So it goes.

for 2 Trumpets
2014

“It is so short and jumbled and jangled, Sam, because there is nothing intelligent to say about a massacre. Everybody is supposed to be dead, to never say anything or want anything ever again. Everything is supposed to be very quiet after a massacre, and it always is, except for the birds. And what do the birds say? All there is to say about a massacre, things like "Poo-tee-weet?” 
-Kurt Vonnegut, Slaughterhouse-Five

It wasn’t by plan that I wrote a trumpet duet. When asked to write one, I thought it might turn into some obligatory piece that was amorphous and didn’t have any meaning for me once it was finished. Needless to say, it became a lot more than that.

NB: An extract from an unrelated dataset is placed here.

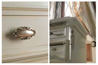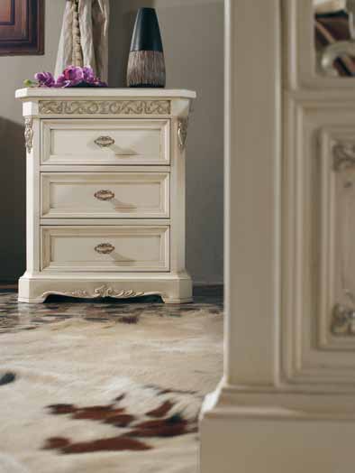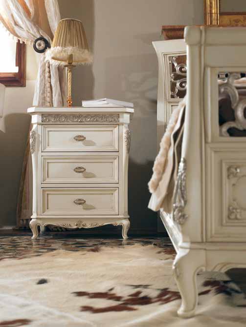 Villa stand from Italian manufacturer Arve Style. The manufacturer offers 2 options product based and figured legs. Bedside Cabinet, fitted 3 drawers. Frame, base made of solid wood. Surface lacquered white, artificially aged. Accessories metal, in silver. The ornament is represented in the form of thread hand carved and covered with silver leaf, which gives it elegance and finesse. The product is a classic, perfectly complement the bed from the same collection.

As I was first thinking of the piece, the melody from “Taps” kept trailing through my head, and I was reminded of how odd I felt it was - that a song consisting of only notes from a major triad was played at military funerals. This got me thinking about how I’d picture grief to sound.

“So it goes.” attempts to depict the raw emotion of death rather than a heroic story or commemoration of death. It features different extended techniques for trumpet, asking performers to cry through the trumpet, imitate bombs, and imitate sirens. While the title can be taken in a variety of ways, its original intention was to allude to the endless motif from Vonnegut’s Slaughterhouse-Five, which appears, somewhat flippantly, after anyone in the book dies.